### Work item:
Repeat the data word for word, excluding every picture.
----- Source information
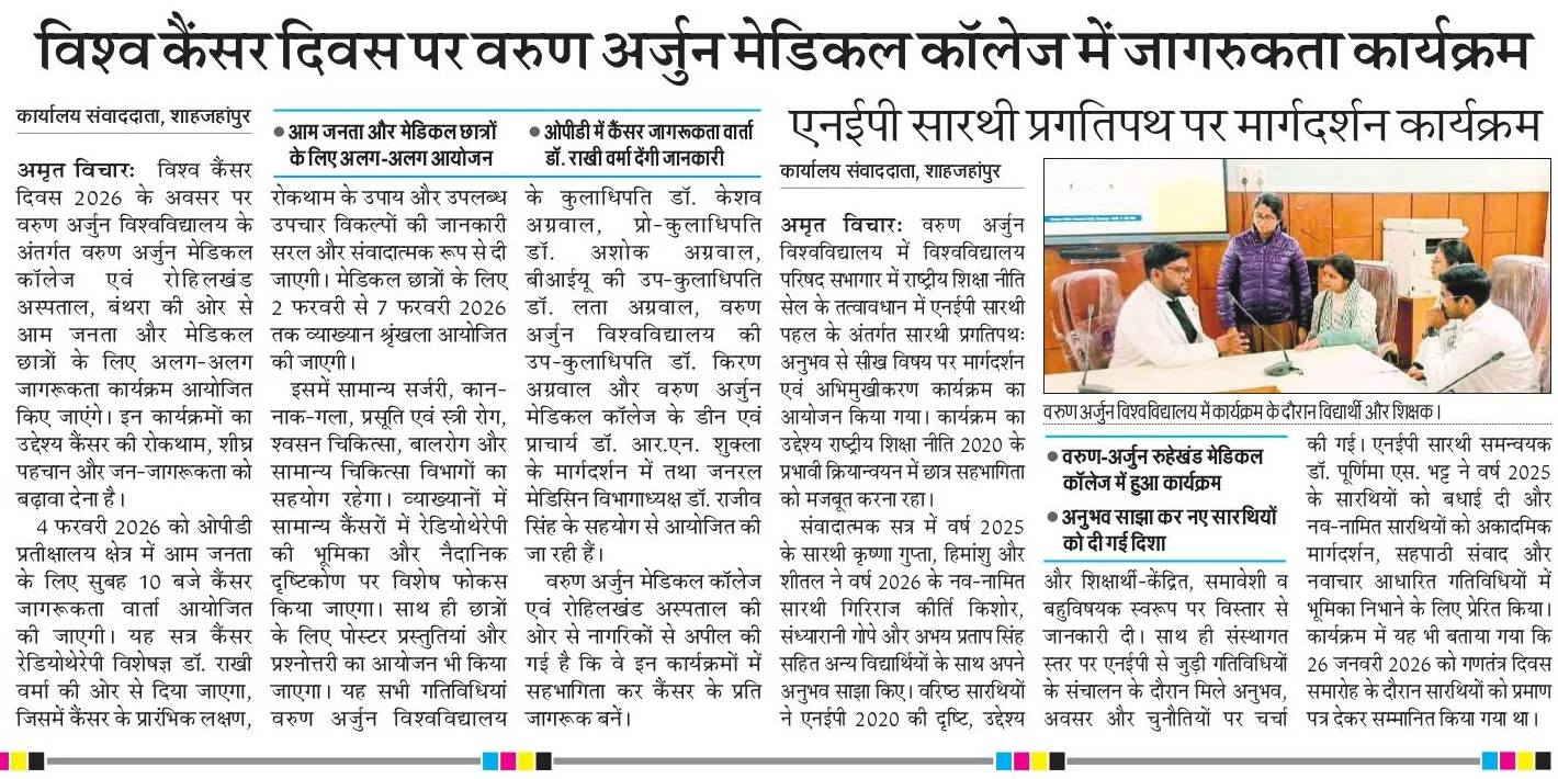 Varun Arjun Medical College & Rohilkhand Hospital, under Varun Arjun University, Shahjahanpur, observed World Cancer Day 2026 with a comprehensive public awareness initiative and an academic lecture series aimed at promoting cancer prevention, early detection, and public sensitization.
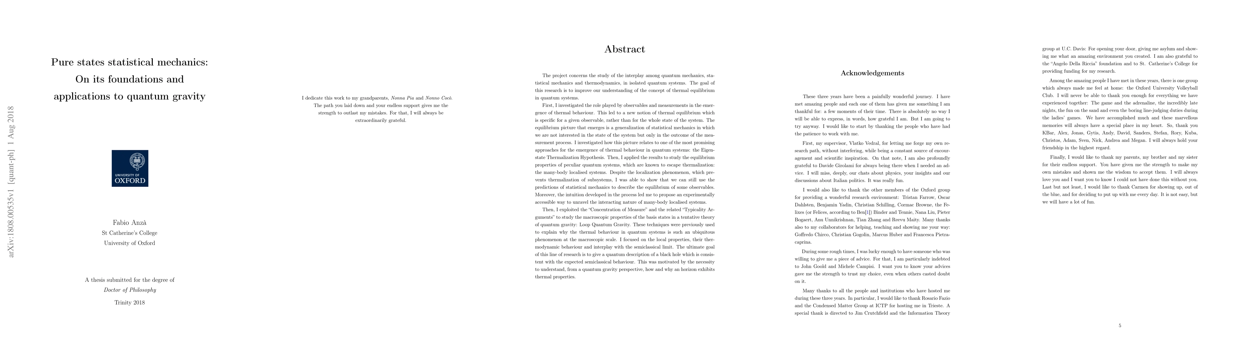 This paper explores the foundations of statistical mechanics in quantum systems, proposing a new notion of thermal equilibrium specific to observables rather than the entire system. It applies these insights to many-body localised systems and uses the "Concentration of Measure" phenomenon to investigate the macroscopic properties of Loop Quantum Gravity, aiming to understand the thermal behaviour of classical horizons from a quantum gravity perspective.
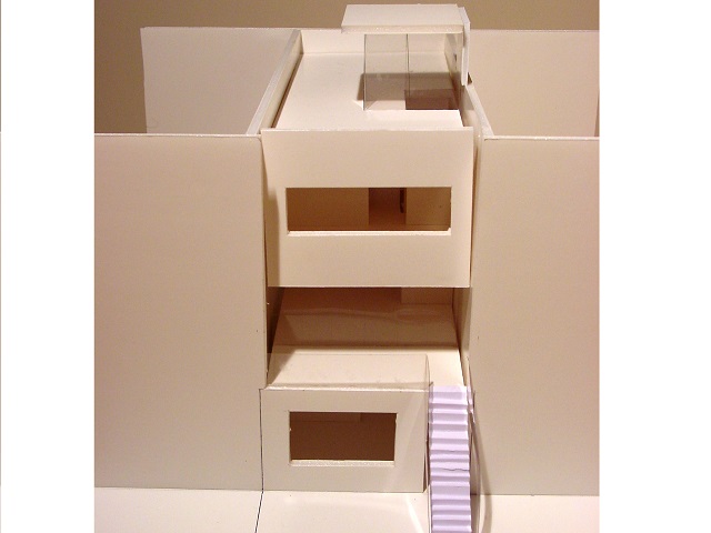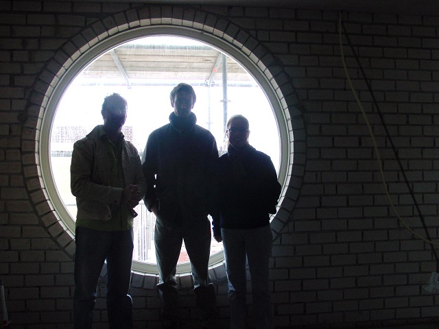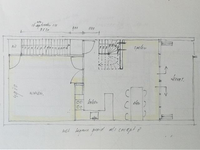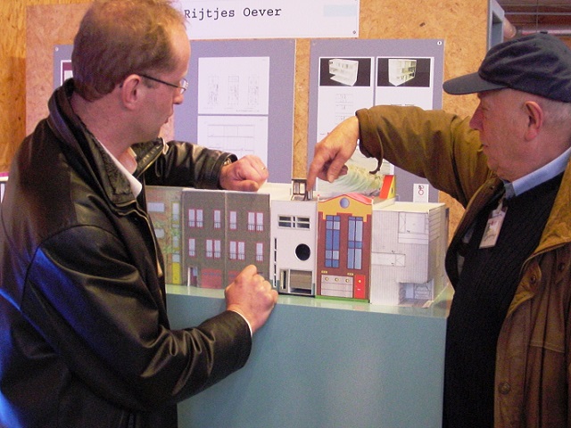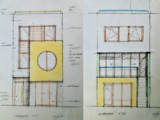 Welstandsvrij ontwerpen aan het IJ in Amsterdam. Een nieuwe buurt in het water met zelfstandige woningen, en toch in een rij. Parkeren op eigen erf, wonen op de eerste verdieping met terras achter en een groot cirkel van glas aan de straat.
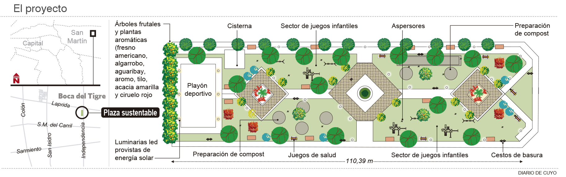 Ofrecer a los vecinos un espacio para recreación es uno de los objetivos que llevó a que la Municipalidad de San Martín comenzara a trabajar en un proyecto para construir una plaza en Boca de Tigre, una zona alejada del departamento, que no tiene ningún otro espacio verde público. Mientras que enseñar a los niños y adultos la importancia del cuidado ambiental fue otro de los motores de este proyecto. Es por esto que el mes que viene comienza la construcción de la primera plaza de esta localidad que será sustentable y que hasta tendrá un sector para que los vecinos puedan producir compost. El intendente Cristian Andino comentó que esta plaza costará $15 millones y que será financiada con fondos nacionales. "Además, vamos a hacerla con las cooperativas del departamento. Es decir, que también vamos a generar puestos de trabajo para nuestra gente", dijo el intendente.
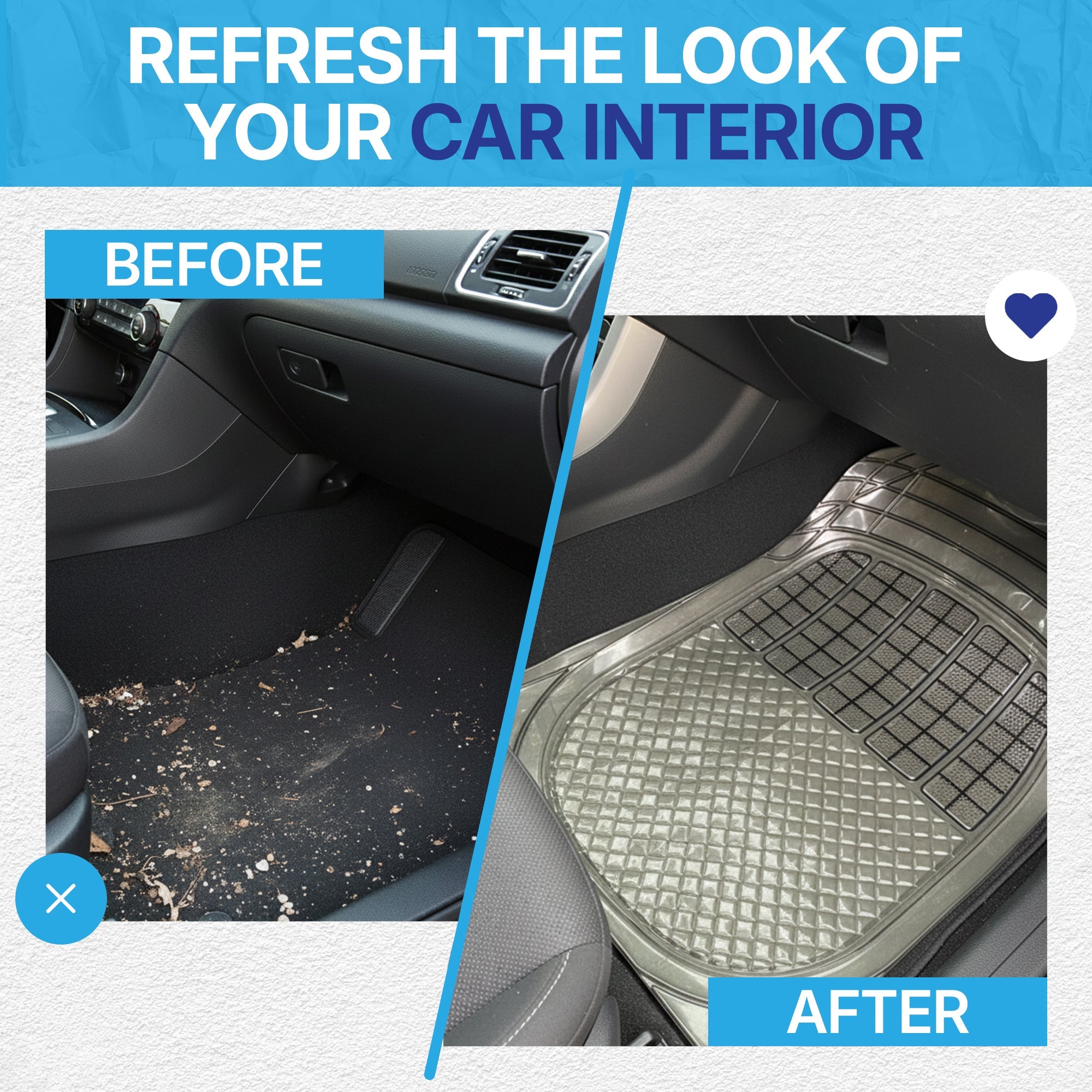 - Easy to Maintain for a Fresh and Clean Interior: The mats waterproof and stain-resistant surface allows quick and hygienic cleaning with a simple wipe down, vacuum, or rinsing. This effortless upkeep keeps your vehicle’s footwells looking pristine and free from accumulation of dirt, grime, and moisture, making them the perfect low-maintenance upgrade for your car.
----------
### Solution:
 Varun Arjun Medical College & Rohilkhand Hospital, under Varun Arjun University, Shahjahanpur, observed World Cancer Day 2026 with a comprehensive public awareness initiative and an academic lecture series aimed at promoting cancer prevention, early detection, and public sensitization.
 This paper explores the foundations of statistical mechanics in quantum systems, proposing a new notion of thermal equilibrium specific to observables rather than the entire system. It applies these insights to many-body localised systems and uses the "Concentration of Measure" phenomenon to investigate the macroscopic properties of Loop Quantum Gravity, aiming to understand the thermal behaviour of classical horizons from a quantum gravity perspective.
 Welstandsvrij ontwerpen aan het IJ in Amsterdam. Een nieuwe buurt in het water met zelfstandige woningen, en toch in een rij. Parkeren op eigen erf, wonen op de eerste verdieping met terras achter en een groot cirkel van glas aan de straat.
 Ofrecer a los vecinos un espacio para recreación es uno de los objetivos que llevó a que la Municipalidad de San Martín comenzara a trabajar en un proyecto para construir una plaza en Boca de Tigre, una zona alejada del departamento, que no tiene ningún otro espacio verde público. Mientras que enseñar a los niños y adultos la importancia del cuidado ambiental fue otro de los motores de este proyecto. Es por esto que el mes que viene comienza la construcción de la primera plaza de esta localidad que será sustentable y que hasta tendrá un sector para que los vecinos puedan producir compost. El intendente Cristian Andino comentó que esta plaza costará $15 millones y que será financiada con fondos nacionales. "Además, vamos a hacerla con las cooperativas del departamento. Es decir, que también vamos a generar puestos de trabajo para nuestra gente", dijo el intendente.
 - Easy to Maintain for a Fresh and Clean Interior: The mats waterproof and stain-resistant surface allows quick and hygienic cleaning with a simple wipe down, vacuum, or rinsing. This effortless upkeep keeps your vehicle’s footwells looking pristine and free from accumulation of dirt, grime, and moisture, making them the perfect low-maintenance upgrade for your car.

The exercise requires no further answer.